§ **TASK PROMPT**
Set down, word for word, only the lines from the start of the records through the line bearing "Recorded in 1977, this"; include no pictures.

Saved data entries
· · · · ·

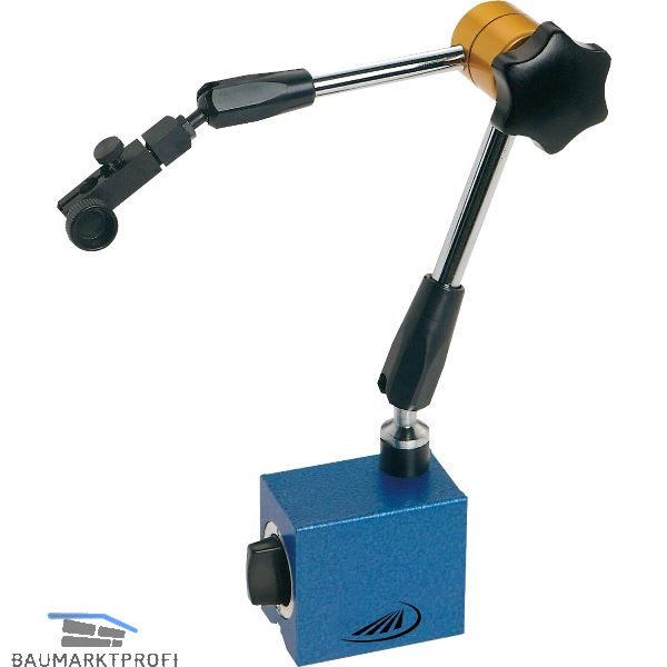 Mit Messuhr-Feineinstellung. Durch die Zentralklemmung kann dieses Gerät individuell wählbar stufenlos vorgespannt oder absolut starr festgestellt werden.Magnetfuß 70 x 46 x 65 mm.
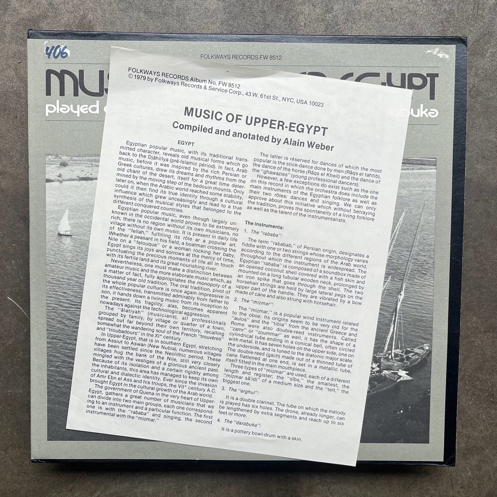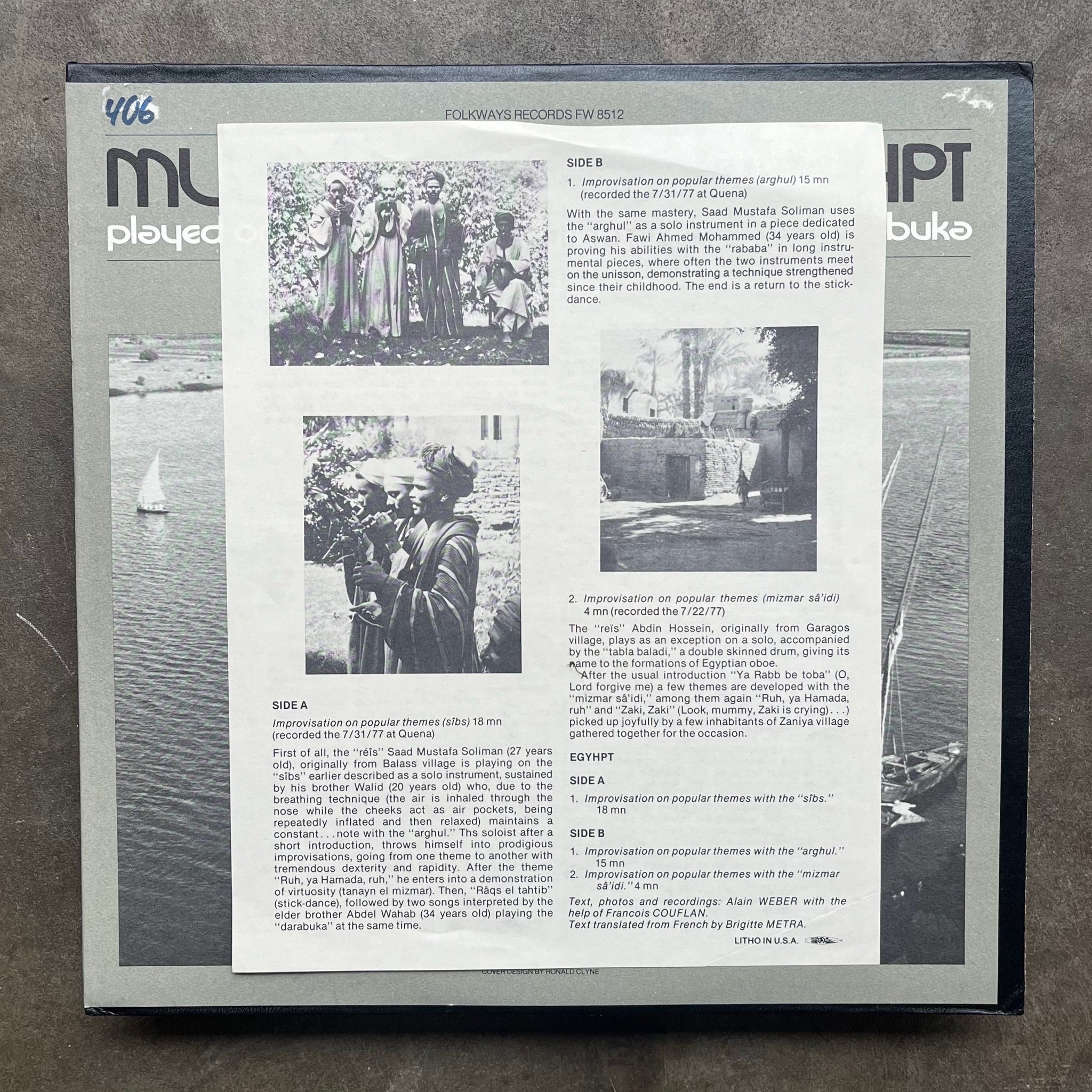Recorded in 1977, this field recording of improvisations on popular music is performed by musicians from Upper-Egypt, an area spanning mid-Egypt from Assiut to Aswan. The music features Egyptian instruments such as the rababa, a fiddle-like instrument with horsehair strings; the mizmar, a popular wind instrument related to the oboe; the arghul, a double clarinet; and the darabuka, a pottery bowl drum. The first two tracks feature the improvisations of Saad Mustafa Soliman, and the third track features Abdin Hossein as the reis or lead singer, accompanied by tabla baladi or double-skinned drum. Liner notes include brief information on Egyptian popular music, descriptions of the instruments, short biographies of the performers, and descriptions of the tracks.
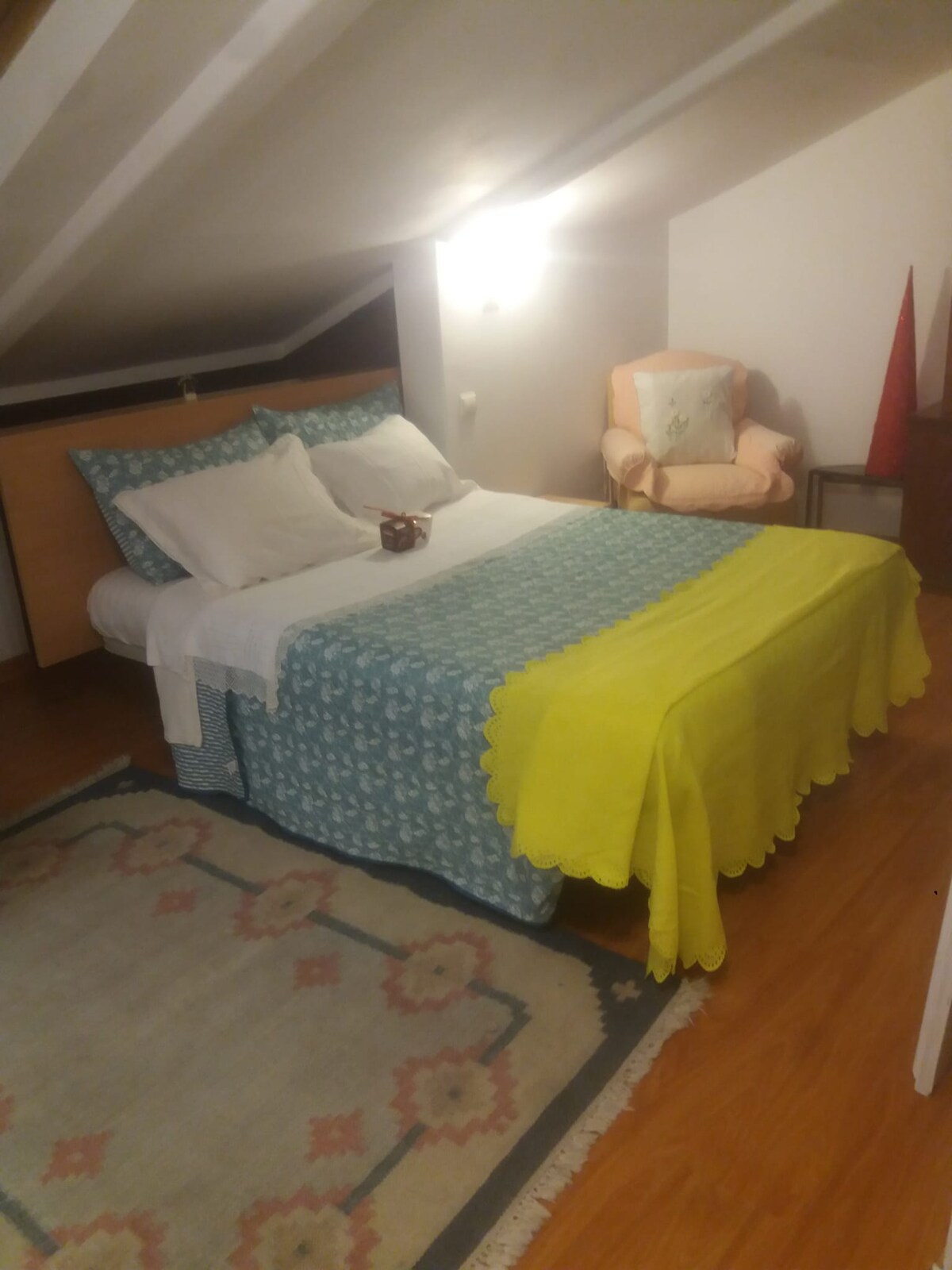 O apartamento está num prédio de 100 anos de idade, no Cascais antigo. O apartamento consiste num sotão transformado, com chão e teto de madeira. Tem um salão cheio de luz, dois simpáticos quartos, uma casa de banho com pequena banheira, uma cozinha totalmente equipada, e um terraço com vista de mar ao longe. Apesar de se encontrar perto do centro de Cascais (com restaurantes, bares e supermercado na zona) este apartamento é extremamente sossegado. Praia, golf, tenis, cavalos, vela, mergulho, passeios na serra, passeios no mar, casino, museus, musica ao vivo, castelos, palácios, um centro cultural, são muitas das actividades de que podem disfrutar nesta zona. Estou certo de que vão ter uma bela estadia. Quanto a transportes públicos, o comboio para Lisboa e o bus para Sintra apanham-se a apenas 500 metros do apartamento. O Central Charming Attic, é um espaço muito acolhedor, para apreciadores onde se vai sentir bem.
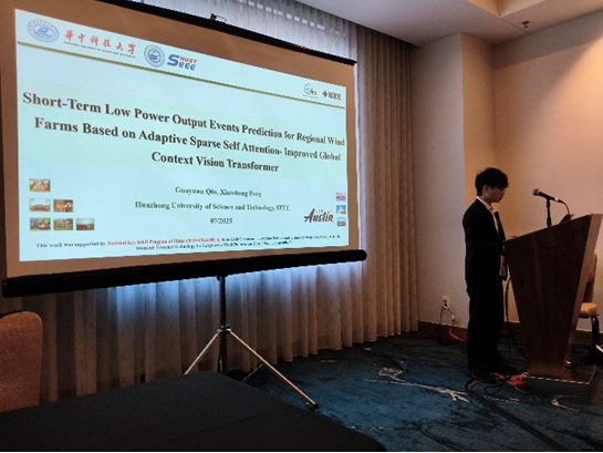 电力工程系23级博士生覃国元同学参加了7月29日的PESGM学生海报竞赛,并于7月30日下午在Grid Transformation论坛介绍了论文“Short-Term Low Power Output Events Prediction for Regional Wind Farms Based on Adaptive Sparse Self Attention-Improved Global Context Vision Transformer”,并就文章中展示的研究工作与参会的专家和学者展开讨论。论文提出了一种区域风电场的低功率输出事件的预测方法,为电力调度部门应对风电供电不足带来的电力系统电力电量不平衡风险提供支撑。
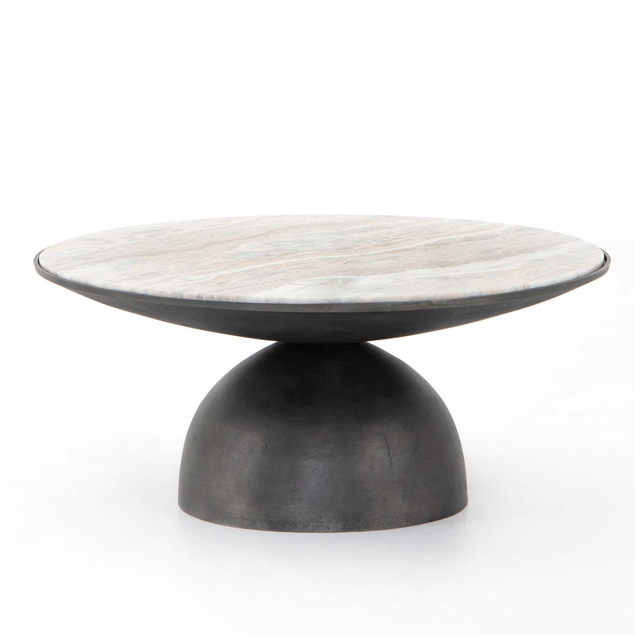 A sculptural play on shape. Hammered grey-finished aluminum base supports a grand, rounded tabletop of creamy taupe marble with beautiful natural veining.
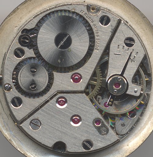 Zifferblattseitig bietet das Peseux 320 einen sehr aufgeräumten Anblick. Außer dem Kupplungsaufzug, dem großen Ausschnitt für das Federhaus, ggf. der Stoßsicherung und dem Zeigergetriebe ist nicht viel zu sehen. Einzig die Größe der Winkelhebelfeder ist vielleicht noch eine Randbemerkung wert.
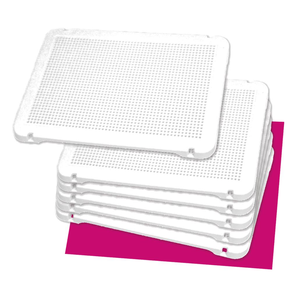 Set de placas, soportes para insertar los pegs y crear divertidos mosaicos. Este juego desarrolla la creatividad, ejercita la coordinación del movimiento de los dedos mediante el agarre de pinza y afianza las primeras nociones espaciales.
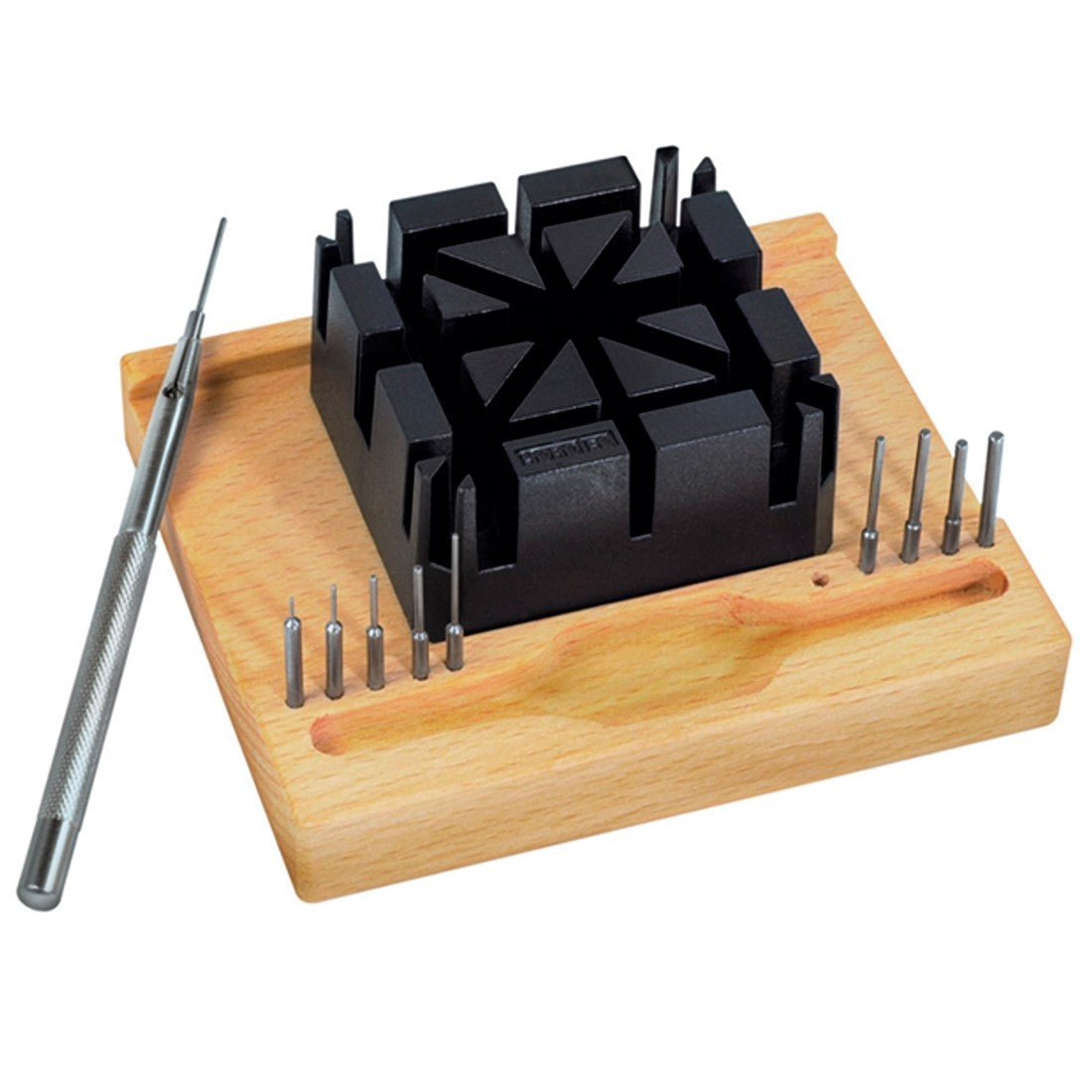 Bracelet pins remove set, includes 1 universal bracelet holder on a wooden base.
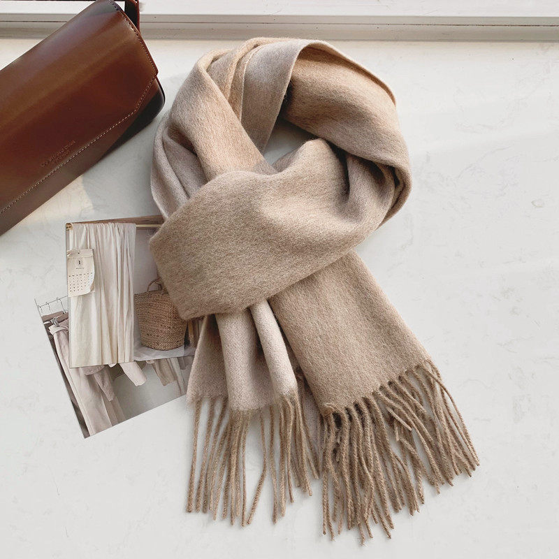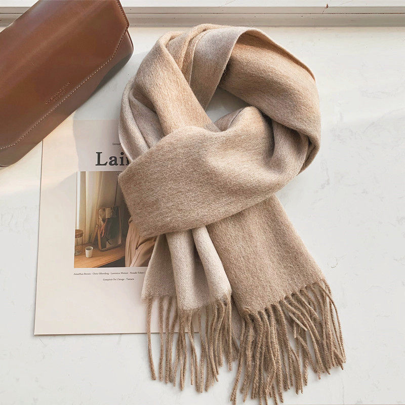 Двусторонное желтовато-коричневое очищающее молочко, зимний шарф, шерстяная модная зимняя универсальная удерживающая тепло накидка, в западном стиле, увеличенная толщина
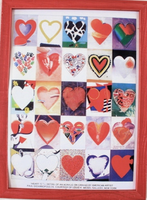 When I found these red frames at a hundred yen store, I knew they would make great Valentine decorations. For the frame on the left, I wanted to use this magazine cover with lots of hearts, but the cover was too small. So I color copied it and enlarged it to fit the A3 sized frame.
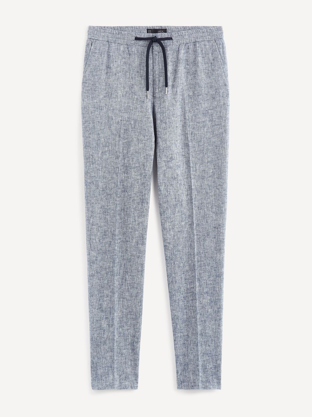 Natahovací kalhoty s pružným pasem. V pase regulační šňůrka. Šikmé boční kapsy. Zadní kapsy. Směs bavlny a lnu.
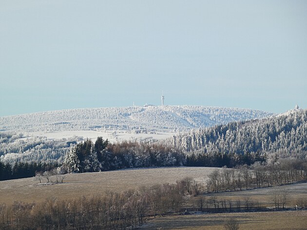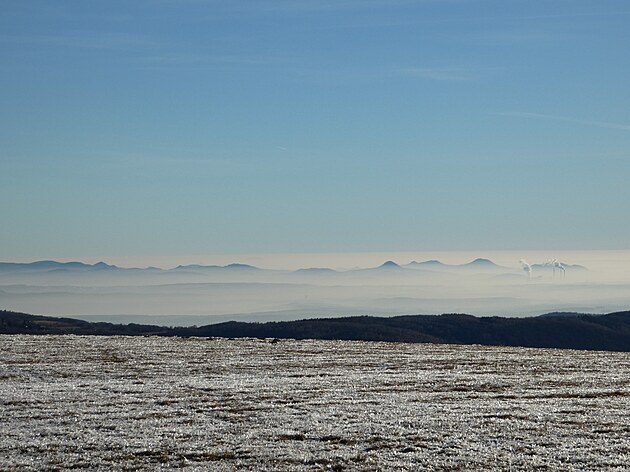 Z Menhartického vrchu je nejhezčí pohled na České středohoří, jaký znám. Bohužel je opravdová vzácnost tu chytit čistý výhled. Dnes ho kryla bytnějící inverzní deka.
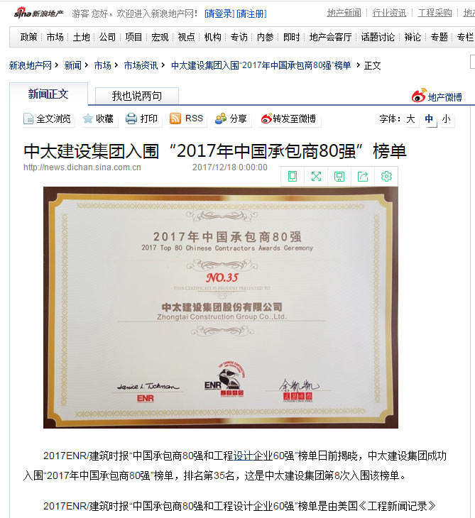 新浪網(wǎng)報(bào)道了“中太建設(shè)集團(tuán)入圍“2017年中國承包商80強(qiáng)”榜單”
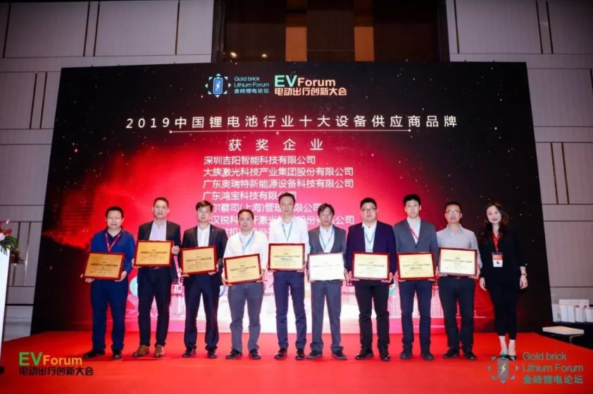 2019中國鋰電池行業(yè)十大設(shè)備供應(yīng)商品牌獎-獲獎企業(yè)有:深圳吉陽智能科技有限公司、大族激光科技產(chǎn)業(yè)集團(tuán)股份有限公司、廣東奧瑞特新能源設(shè)備科技有限公司、廣東鴻寶科技有限公司、卡爾蔡司(上海)管理有限公司、武漢銳科光纖激光技術(shù)股份有限公司、佑順發(fā)機(jī)械股份有限公司、福建星云電子股份有限公司、杭州?禉C(jī)器人技術(shù)有限公司、深圳力士智造科技有限公司

· · · · ·

§ **ANSWER FOR THIS EXERCISE**
 Mit Messuhr-Feineinstellung. Durch die Zentralklemmung kann dieses Gerät individuell wählbar stufenlos vorgespannt oder absolut starr festgestellt werden.Magnetfuß 70 x 46 x 65 mm.
Recorded in 1977, this field recording of improvisations on popular music is performed by musicians from Upper-Egypt, an area spanning mid-Egypt from Assiut to Aswan. The music features Egyptian instruments such as the rababa, a fiddle-like instrument with horsehair strings; the mizmar, a popular wind instrument related to the oboe; the arghul, a double clarinet; and the darabuka, a pottery bowl drum. The first two tracks feature the improvisations of Saad Mustafa Soliman, and the third track features Abdin Hossein as the reis or lead singer, accompanied by tabla baladi or double-skinned drum. Liner notes include brief information on Egyptian popular music, descriptions of the instruments, short biographies of the performers, and descriptions of the tracks.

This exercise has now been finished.